Many drug users are also caught up in the current homelessness crisis. We talk about people who have been squeezed by the recession. Most of the people who are addicted to opiates were squeezed well before 2007. They have had a lifetime of being squeezed and there is a lot to be made up. The community of Dublin's north inner city has been disproportionately affected, but there is enthusiasm.
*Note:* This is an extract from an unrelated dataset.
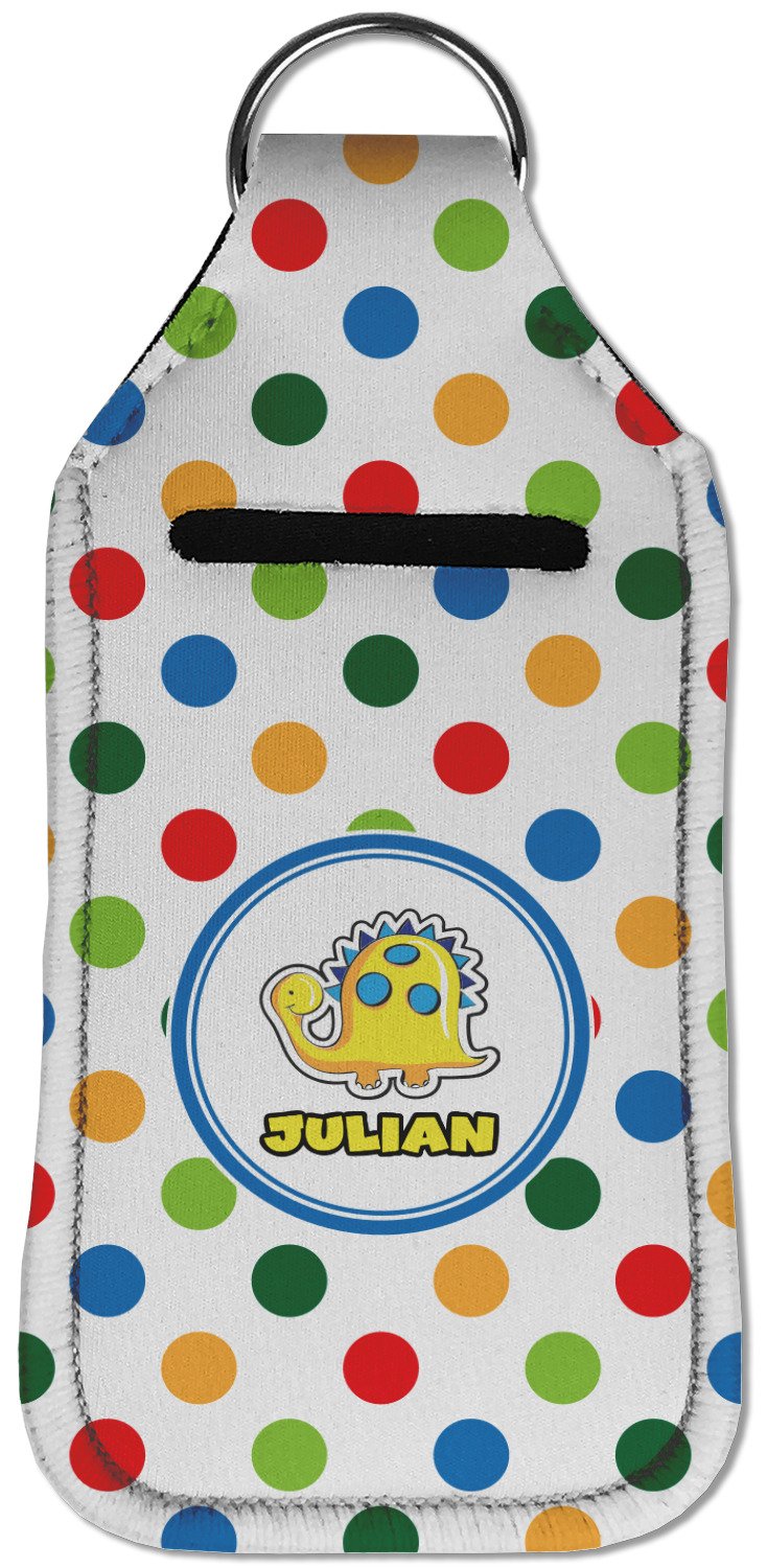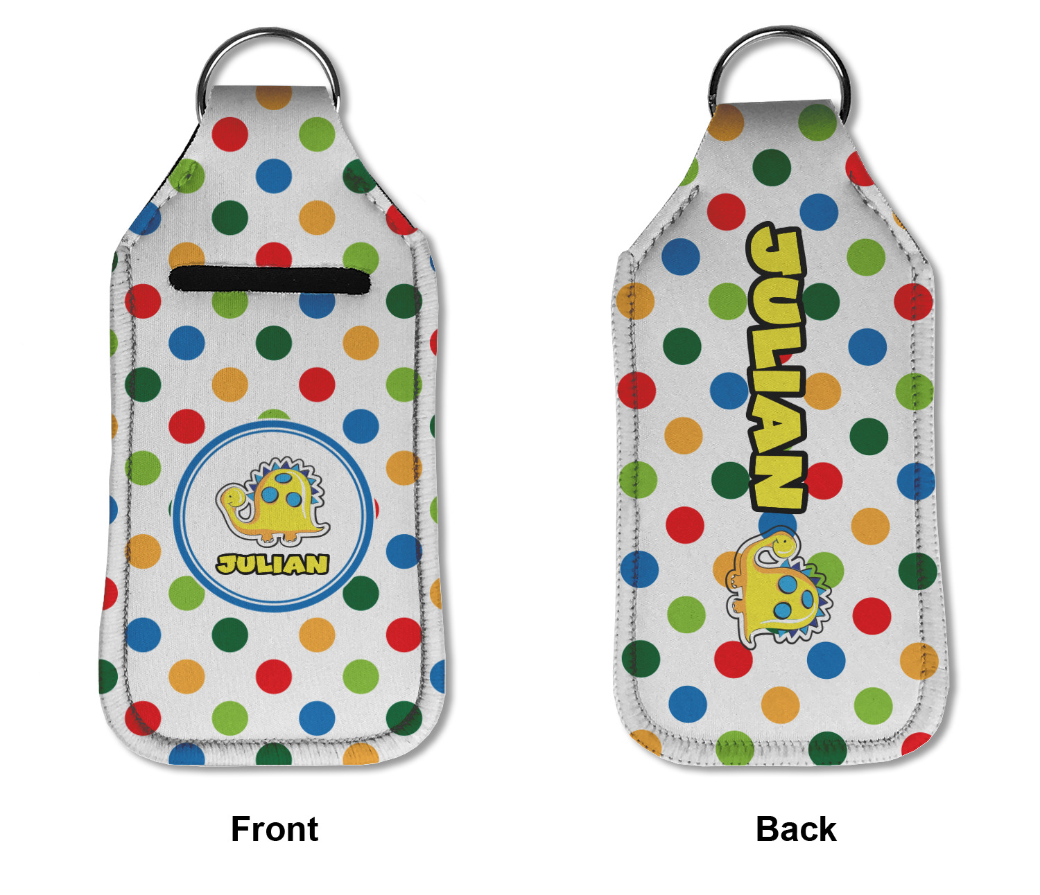 Each hand sanitizer holder comes with its own empty travel-sized, refillable hand sanitizer sure to fit snug in your customized sanitizer case! Our hand sanitizer cases are a durable, yet soft neoprene material sure to last any daily activities or travel agenda. Customize and personalize a hand sanitizer bottle holder with one of our two sizes - small (4.25" x 2.25") or large (5.5" x 2.5"). Each travel sanitizer holder comes with a keyring for attachment on bags, keys, or more!

As Mr. McAleenan mentioned, I was involved in an evaluation of the HSE's recovery model document, The National Drug Rehabilitation Framework. Many of the staff in the drugs services are enthusiastic and are keen to be part of this recovery, but it needs structure and support. This does not apply just to north inner city Dublin. Addiction affects every community in the country, particularly when alcohol is factored in. The principles of recovery apply to alcohol as well as to other substances. There is not as big a difference between alcohol and other drugs as people think. There is polydrug use and benzodiazepines. There has been an explosion in the prescribing of benzodiazepines in this country and it is an increasing cause of death. It is a huge problem and is costing the State a fortune. There are ways of finding money to support things like recovery.

We point out in the document that much of what we are recommending has been the policy of the Department of Health and the national drugs strategy for about ten years. Some excellent documents promoting a way of doing things have been published. We have a bit of a difficulty in Ireland; we are better at writing documents than implementing them. This is about the reality of implementation. The devil is always in the detail. We have the detail here and Mr. McAleenan has given a flavour of it. We hope the members of the committee will take some time to read it in more detail because obviously today is, we hope, the start of a process to push for this to be done in a better way in the future.

The current national drugs strategy is due to end in 2016 and we are aware that discussions are taking place with regard to its successor. We want these principles to become mainstreamed in a more effective way in the new drugs strategy. That is our timescale. We are only three people and Mr. Tom O'Brien from the HSE is very supportive. Obviously Ms Sonia Dillon and all the staff in Soilse work on this every day. They have enormous expertise. We need to disseminate that in other parts of the country. Mr. McAleenan can outline the success stories. There is capacity for more success if we re-orientate. It would be a terrible mistake not to grant recovery a much higher profile in the new strategy.

We urge the committee to support recovery across all Departments. It is not just a health issue. It also affects education and I mentioned homelessness, so it is a housing issue. There is a big problem with a shortage of accommodation. Drug users in recovery are having to be placed in wet hostels and hostels where people are taking drugs. Obviously the public consciousness about housing problems is about people stuck in mortgage arrears, etc. However, there is a continuing housing and accommodation issue among the drug-using community.

What we are suggesting is completely in line with the Government strategy, Healthy Ireland. It is about a multi-sectoral approach because the issue of drugs is not just a medical issue but it is also a social issue. There are issues in Cork and there is also a drugs task force in Cork. There are problems throughout the country. The heroin issue is still concentrated in Dublin with approximately 9,000 of the 10,000 people on methadone in the Dublin area. However, when benzodiazepines, tranquilisers, pills and alcohol are added in, this is a national issue.

I thank the members of the committee for their attention.